Донато покосилась на жену Лоренцо, неужели та не замечает, что влюбленными глазами на Симонетту смотрит не только младший брат? Да, такую жену не грех и обмануть, слишком доверчива.
– Джулиано не собирается жениться?
– Я не знаю. Я все время в Кареджи, а они здесь.

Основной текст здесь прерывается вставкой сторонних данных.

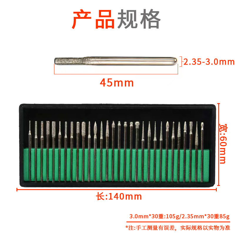 Diamond Grinding Needle Alloy Grinding Head Jade Frotton 2.35 X30 Set 3x30 Set Carving Tools Factory Supply

Донато пыталась заметить признаки влюбленности у Лоренцо, но старший брат так умело отступил в тень, отдавая пальму первенства младшему, что ничего заметить не удалось. К счастью Симонетты, ее ревнивого мужа Марко во Флоренции не было, не то не миновать скандала. Марко не Ардингелли, чтобы радоваться восхищению других своей женой, он способен устроить скандал.
– Как хорош Джулиано, правда?
Лукреция Донато ожидала хоть какого-то смущения Клариче, но та лишь улыбнулась:
– Да, сегодня он особенно хорош.
Наблюдая, как победитель турнира Джулиано Медичи получает приз из рук своей Дамы сердца Симонетты Веспуччи, Лукреция словно невзначай поинтересовалась у Клариче:
– Как ты думаешь, они спят вместе?
– Нет, наверное, нет. Хотя Джулиано влюблен.
– А с Лоренцо спят?
Клариче замерла, пытаясь осознать вопрос, а Лукреция, поняв, что зря задала, вскочила, аплодируя:
– Джулиано, ты молодец!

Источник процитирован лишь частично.